Could you transcribe exactly the lines below, from the line with "Parce que la" through the line with "文章標(biāo)題:Gold-nanosphere mitigates osteoporosis", and nothing else, leaving out the pictures?

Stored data
□ □ □ □ □ □ □
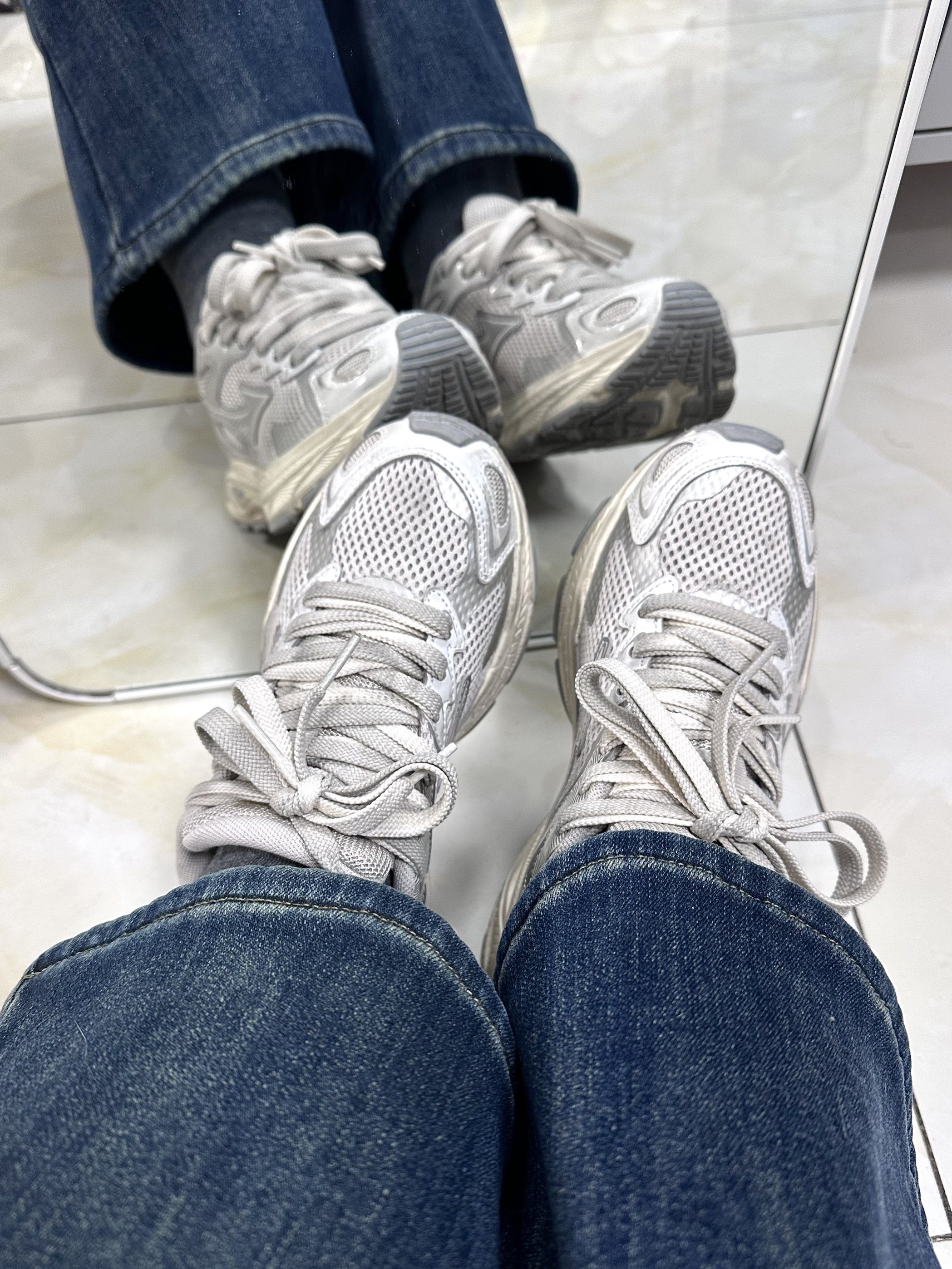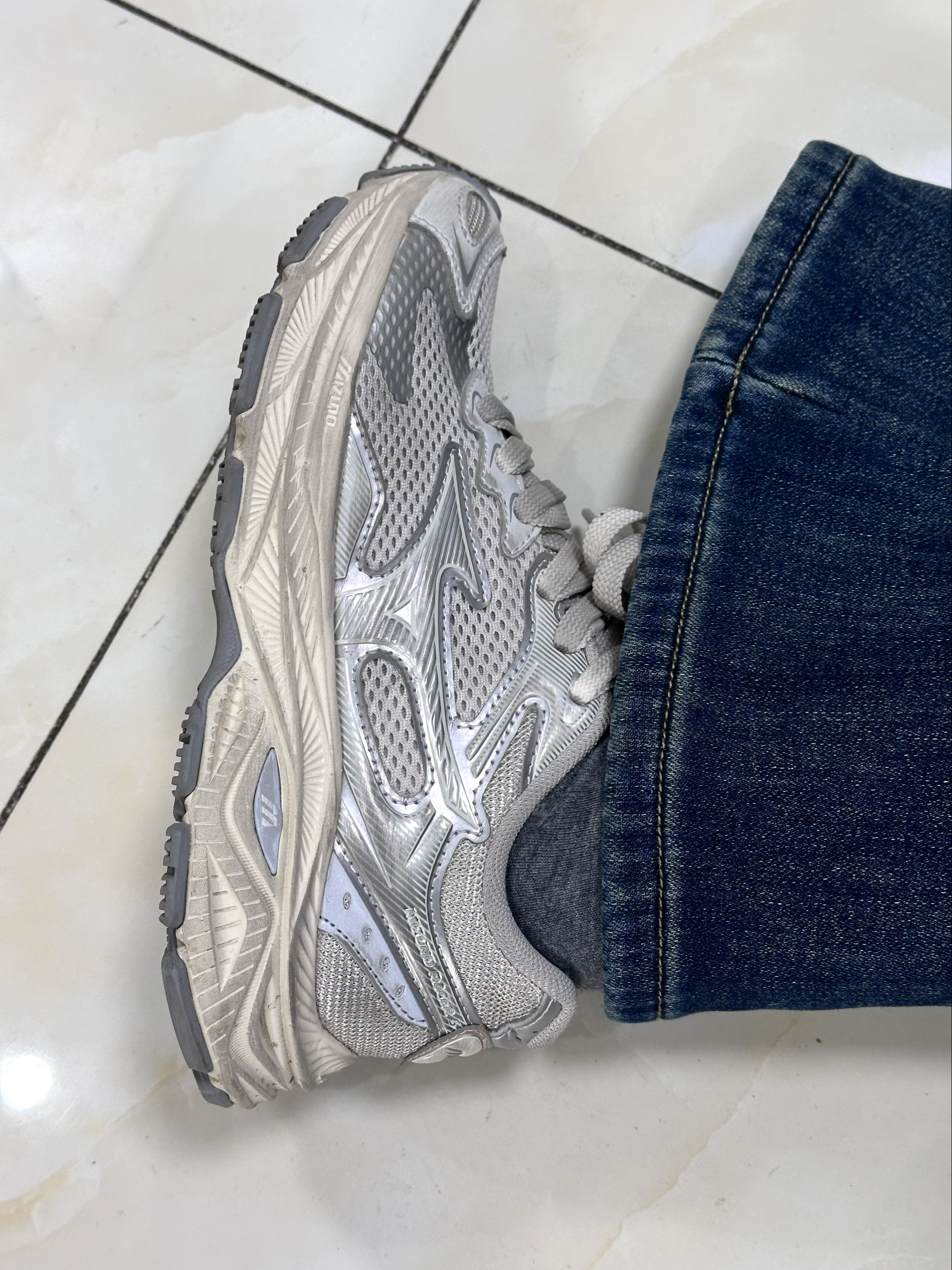 美津浓Racer S脏脏银太顶了!做旧银的质感直接拉满,网面透气不闷脚,厚底还悄悄增高3cm,暴走一天都不累。断货款果然名不虚传,搭牛仔裤秒变街头潮人,闭眼冲!
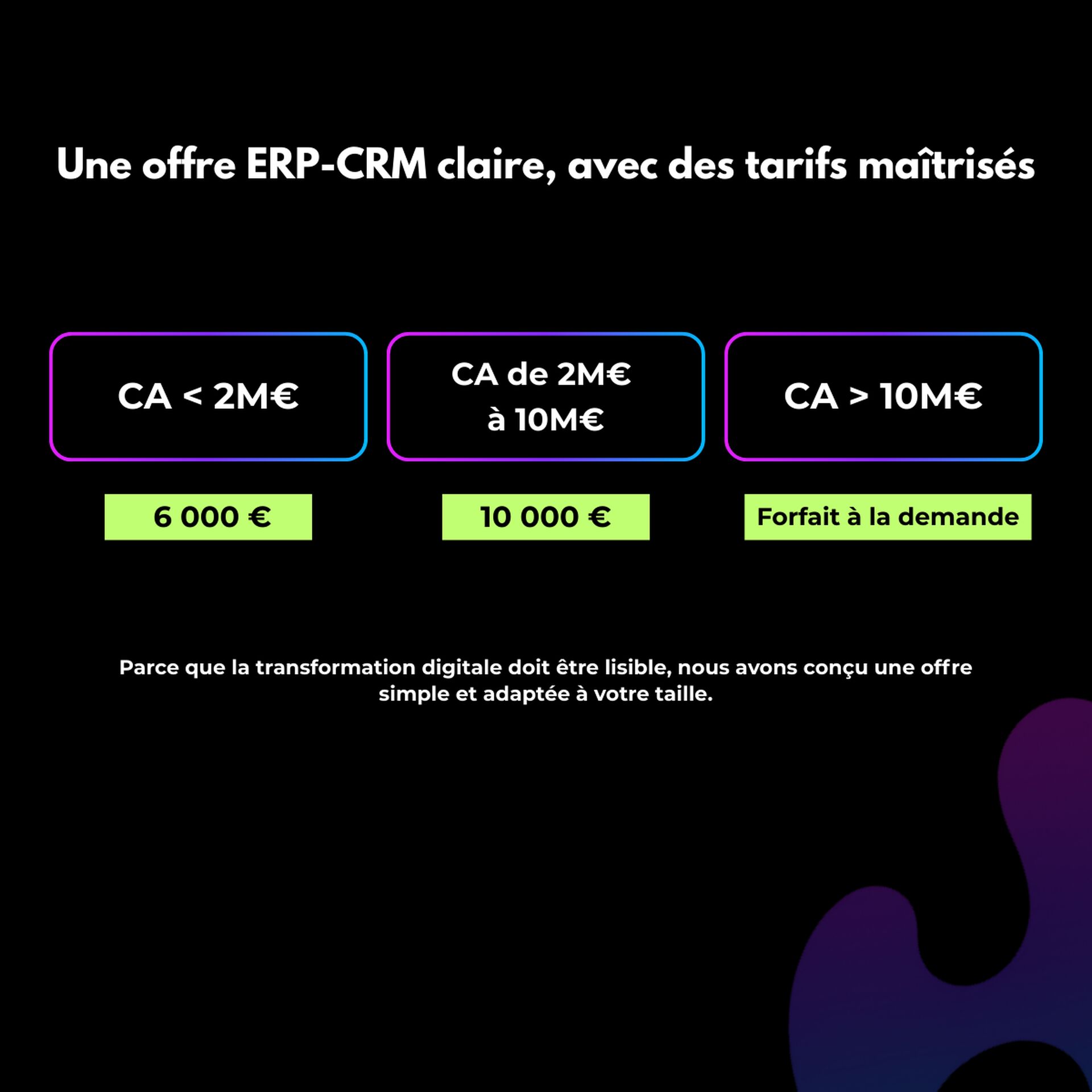 Parce que la transformation digitale doit être lisible et accessible, nous avons conçu une offre simple, adaptée à la taille de votre entreprise.
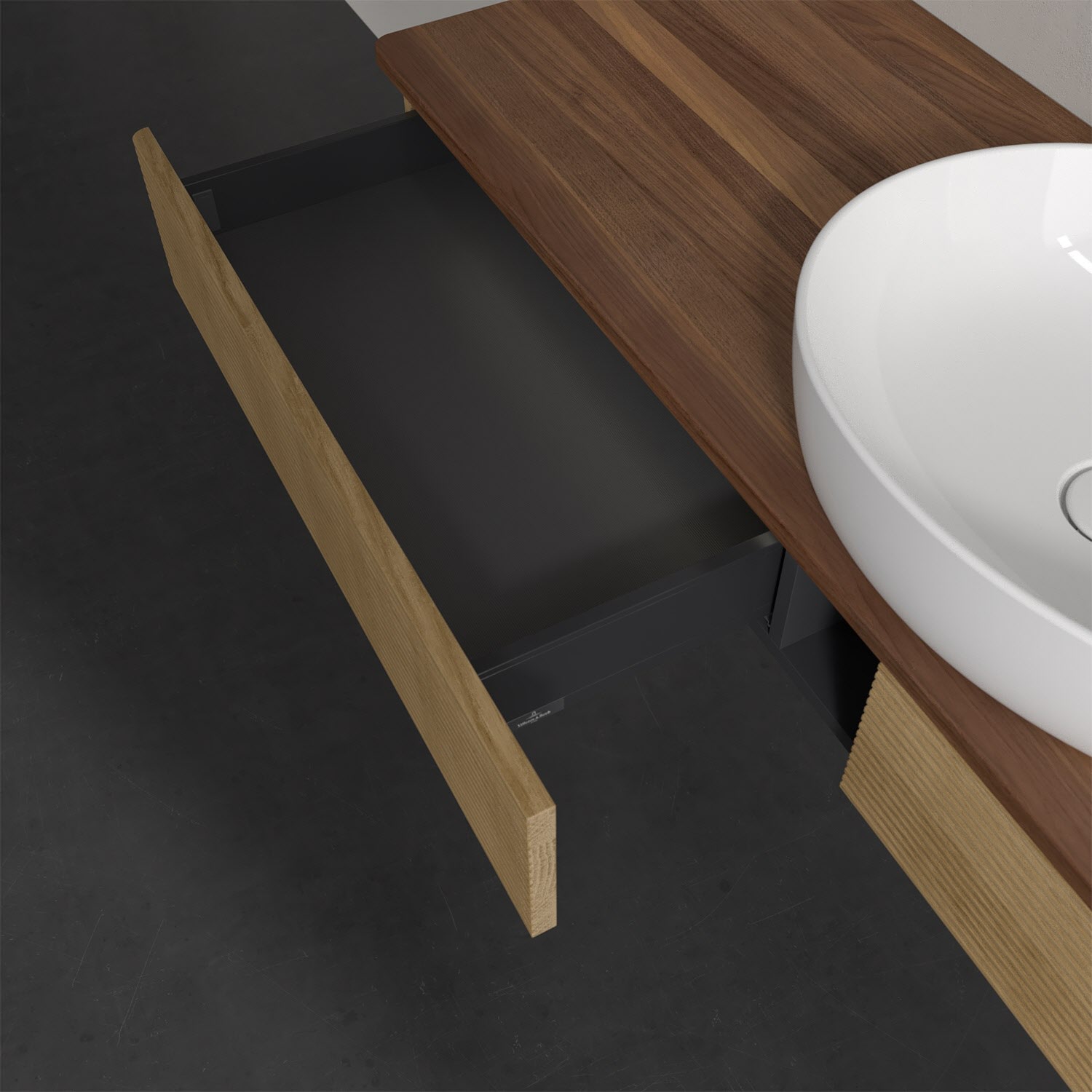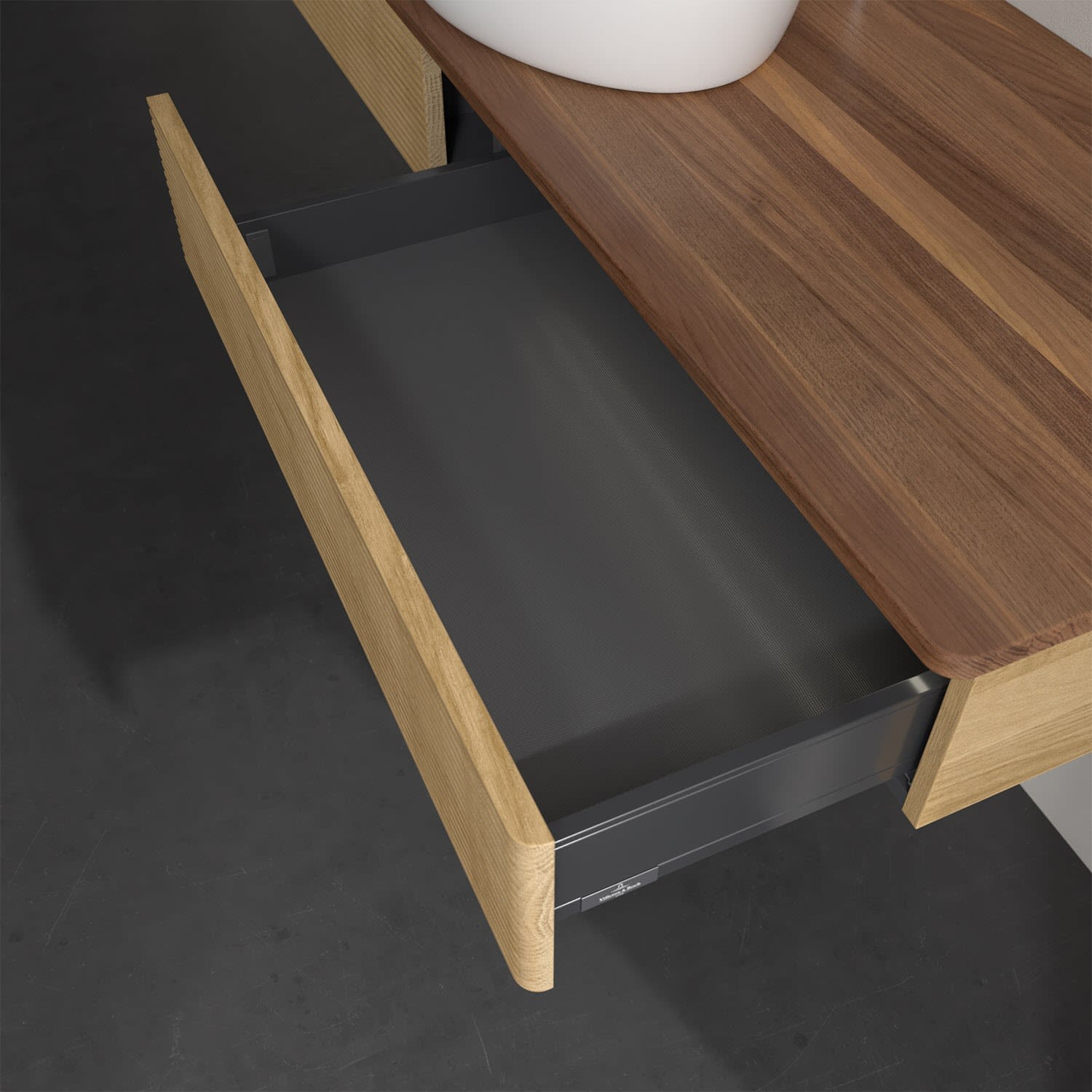 Villeroy & Boch Antao Waschbeckenunterschrank, 160 x 19 cm, 2 Auszüge mit LED-Licht, Front mit Struktur, mit Hahnloch, für Waschtisch mittig
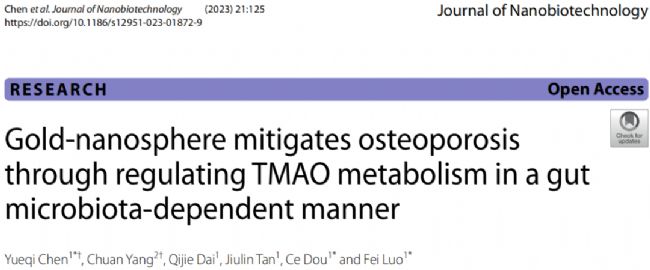 文章標(biāo)題:Gold-nanosphere mitigates osteoporosis through regulating TMAO metabolism in a gut microbiota-dependent manner
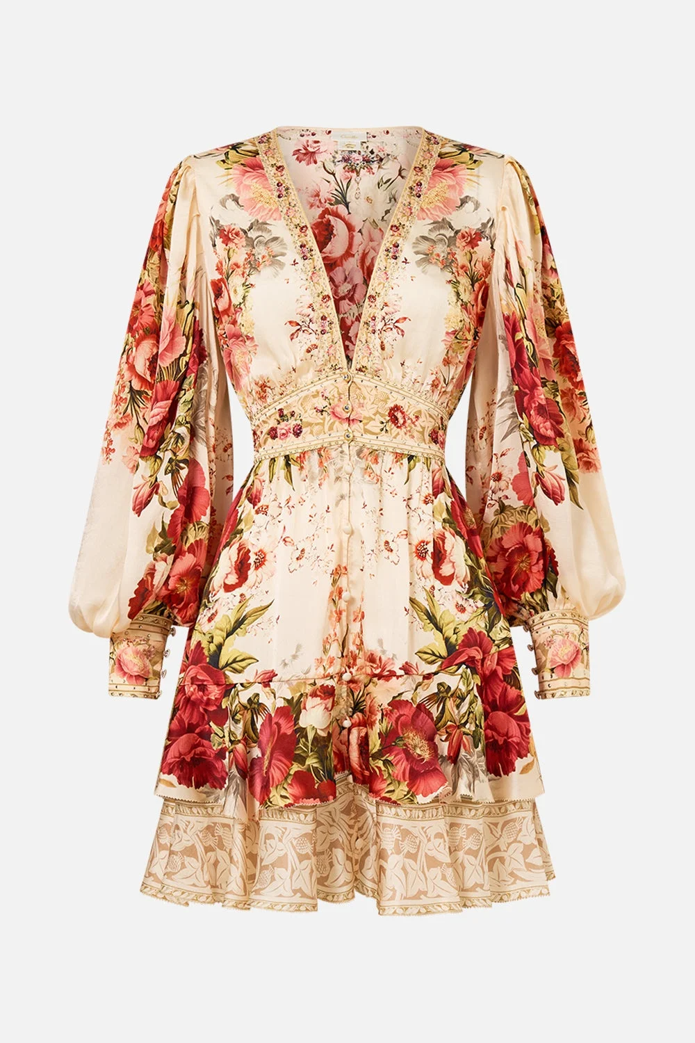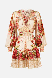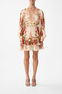Designed in Australia, the Meet Me At The Majestic Button Front Frill Dress draws inspiration from the Majestic Cafe. Soft pinks evoke a romantic allure, capturing the essence of its storied prints. Lovingly handcrafted, this CAMILLA silk dress is ornamented with a fit-and-flare silhouette, flowing into a double ruffle mini length hemline. The sumptuous mini dress features a V-neckline and playful blouson sleeves that radiate femininity. - Button Front Closure - Shaped Waistband With Elastic Back - V Neckline - Crystal Embellishment - Mini Length SKU 00035251-MEETMAJE-XXS Size and Fit Designed as a relaxed fit—take your normal size, or select one size smaller for a neater fit. Fabric and Care 100% SILK Silk satin embodies a sumptuously smooth finish that offers a rich buttery touch to the skin. As a result of the satin weaving technique, it masterfully creates a fuller bounce to the body and drape details.
□ □ □ □ □ □ □
**Solution to this task**:
 Parce que la transformation digitale doit être lisible et accessible, nous avons conçu une offre simple, adaptée à la taille de votre entreprise.
 Villeroy & Boch Antao Waschbeckenunterschrank, 160 x 19 cm, 2 Auszüge mit LED-Licht, Front mit Struktur, mit Hahnloch, für Waschtisch mittig
 文章標(biāo)題:Gold-nanosphere mitigates osteoporosis through regulating TMAO metabolism in a gut microbiota-dependent manner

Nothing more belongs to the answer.